● Task prompt
Copy the data exactly as it appears, and do not include any pictures.

● Data extract
---------------

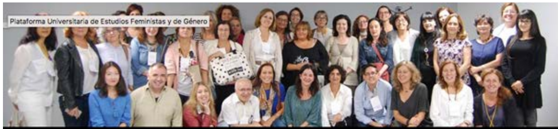
The members of the Platform at their first meeting.
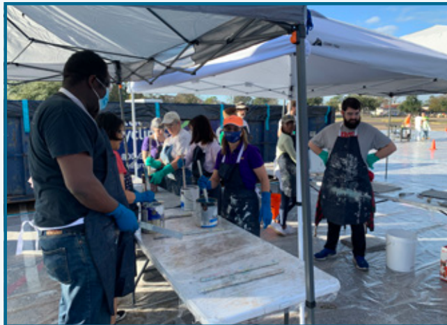
Volunteers rescued 75 five-gallon buckets of paint.

The collection day is a collaborative effort between the Baton Rouge City parish and other partners. For more information about recycling, paint disposal and common potentially hazardous materials in the home, go to www.brla.gov/890/Recycling-Office or the LDEQ recycling pages at www.deq.louisiana.gov/page/recycling .

---------------

● Task response
The members of the Platform at their first meeting.
Volunteers rescued 75 five-gallon buckets of paint.

The collection day is a collaborative effort between the Baton Rouge City parish and other partners. For more information about recycling, paint disposal and common potentially hazardous materials in the home, go to www.brla.gov/890/Recycling-Office or the LDEQ recycling pages at www.deq.louisiana.gov/page/recycling .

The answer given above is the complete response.